FIG. 8 shows a variant in which the field 37 of the impingement cooling holes is rounded off in the corner area, so that the boundary G extends in the form of a circular arc in this location.

According to the invention, the openings for the impingement cooling are thus placed at a distance A from the edge of the shingle in order to avoid any edge leakages from an impingement-effusion-cooled shingle, so that effusion cooling holes can be arranged between the impingement cooling opening that is closest to the edge and the inner side of the edge of the shingle so as to ensure an outflow of cooling air from the impingement cooling holes through the effusion cooling holes, and to avoid any edge leakage. The distance from the edge of the shingle, in which no impingement cooling holes are provided, is at least 2 times the free path length of the impingement cooling jet within the intermediate space formed by the shingle.

Claims

1. A chamber of a gas turbine, with at least one shingle that comprises a plate-shaped shingle body having a circumferential shingle edge which is raised from the side that is facing away from the combustion chamber interior space, and which abuts against a combustion chamber wall in the mounted state of the shingle, wherein the shingle body is provided with an arrangement of effusion cooling holes, and the combustion chamber wall is provided with an arrangement of impingement cooling holes in the area of the shingle, wherein the arrangement of impingement cooling holes has a lateral distance to the shingle edge which is between 1.5 and 2 times the distance of the surface of the combustion chamber wall to the surface of the shingle body, and in that the distance of the arrangement of impingement cooling holes is between 1.1 and 3 of the lateral distance in the corner areas of the shingle.

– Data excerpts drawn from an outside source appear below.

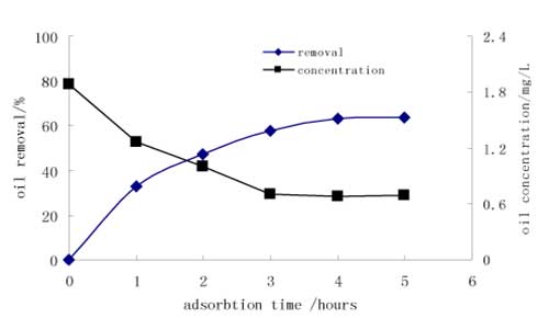 吸附效率在第一個小時內(nèi)迅速增加,三小時吸附后趨于穩(wěn)定,最大除油率為71%。三小時后沒有出現(xiàn)明顯的除油增加,相反,由于解吸過程出現(xiàn)少量的油濃度增加。結果,活性炭的最佳吸附時間是三小時。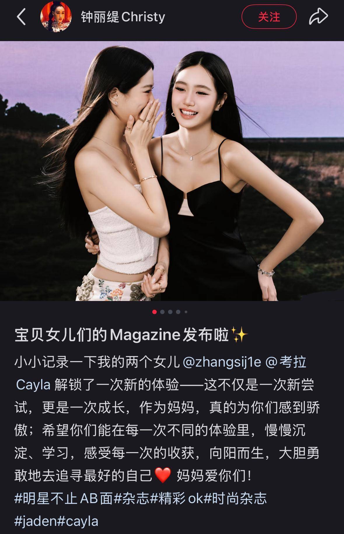 4月21日,钟丽缇在个人社交账号分享两个女儿Cayla和姐姐jaden拍摄写真的照片,钟丽缇表示:小小记录一下我的两个女儿解锁新体验的经历,这不仅是一次尝试,更是一次成长,作为妈妈,为你们感到骄傲。
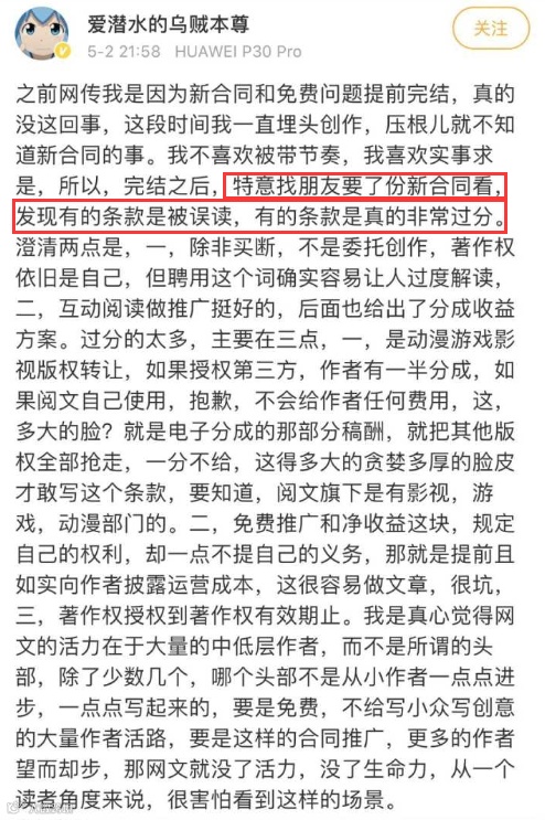 《诡秘之主》作者爱潜水的乌贼参与发声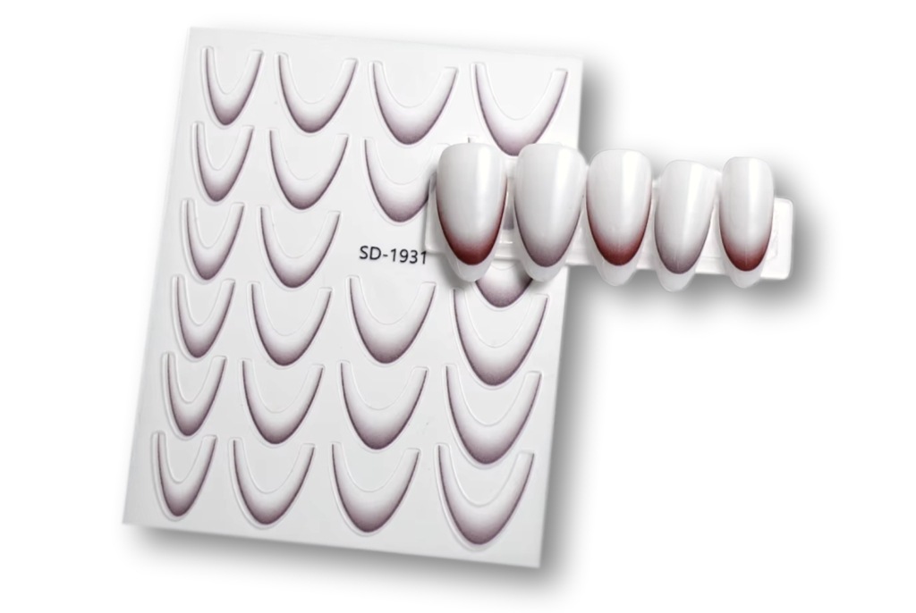 Selbstklebende, ultradünne Ombre/French-Sticker für die perfekte Smile-Line im Ombre-Style. Auf einem Bogen befinden sich 23 Sticker in verschiedenen Größen.

2. The combustion chamber according to claim 1, wherein the distance in the corner areas is between 1.5 and 2.5 of the distance.

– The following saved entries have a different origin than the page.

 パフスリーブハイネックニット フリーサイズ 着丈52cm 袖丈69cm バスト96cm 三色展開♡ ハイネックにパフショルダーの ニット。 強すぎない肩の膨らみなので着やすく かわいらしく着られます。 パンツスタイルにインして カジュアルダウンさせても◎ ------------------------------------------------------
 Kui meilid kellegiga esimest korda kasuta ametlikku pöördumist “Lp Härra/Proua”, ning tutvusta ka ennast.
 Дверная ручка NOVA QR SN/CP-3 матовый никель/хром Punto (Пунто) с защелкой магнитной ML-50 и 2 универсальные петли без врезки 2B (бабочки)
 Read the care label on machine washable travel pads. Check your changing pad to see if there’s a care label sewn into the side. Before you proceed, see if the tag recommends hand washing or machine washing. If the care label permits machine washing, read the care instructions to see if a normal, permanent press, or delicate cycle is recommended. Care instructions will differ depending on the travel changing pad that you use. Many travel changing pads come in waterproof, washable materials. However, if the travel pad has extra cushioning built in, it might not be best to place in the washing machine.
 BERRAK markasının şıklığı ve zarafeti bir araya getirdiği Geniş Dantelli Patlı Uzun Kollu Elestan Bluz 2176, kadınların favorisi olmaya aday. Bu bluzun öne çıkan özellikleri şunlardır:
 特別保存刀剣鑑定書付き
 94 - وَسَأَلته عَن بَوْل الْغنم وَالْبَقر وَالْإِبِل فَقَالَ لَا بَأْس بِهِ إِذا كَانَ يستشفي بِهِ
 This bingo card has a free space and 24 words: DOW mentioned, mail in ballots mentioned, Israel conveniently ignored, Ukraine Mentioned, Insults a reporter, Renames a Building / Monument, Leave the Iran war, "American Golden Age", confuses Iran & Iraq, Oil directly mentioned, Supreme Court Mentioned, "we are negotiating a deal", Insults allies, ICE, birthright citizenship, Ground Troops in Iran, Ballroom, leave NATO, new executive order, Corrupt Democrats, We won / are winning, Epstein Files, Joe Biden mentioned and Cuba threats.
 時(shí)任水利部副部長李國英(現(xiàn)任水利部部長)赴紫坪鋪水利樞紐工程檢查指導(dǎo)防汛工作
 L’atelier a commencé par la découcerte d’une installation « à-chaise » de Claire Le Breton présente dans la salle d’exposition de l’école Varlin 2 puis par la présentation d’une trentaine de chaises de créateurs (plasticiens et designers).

3. The combustion chamber according to claim 1, wherein the corner area of the arrangement of impingement cooling holes is embodied in a linear manner.

4. The combustion chamber according to claim 1, wherein the corner area of the arrangement of impingement cooling holes is embodied in a rounded-off manner.

5. The combustion chamber according to claim 1, wherein the arrangement of effusion cooling holes comprises the entire shingle body.

6. The combustion chamber according to claim 5, wherein effusion cooling holes are arranged inside the distance (A).

7. The combustion chamber according to claim 5, wherein the ratio of the number of impingement cooling holes to the number of effusion cooling holes is 1:1 to 1:3.

8. The combustion chamber according to claim 7, wherein respectively at least one row of effusion cooling holes is arranged inside the distance, wherein the number of rows of effusion cooling holes inside the distance corresponds to the ratio of the number of impingement cooling holes to the number of effusion cooling holes.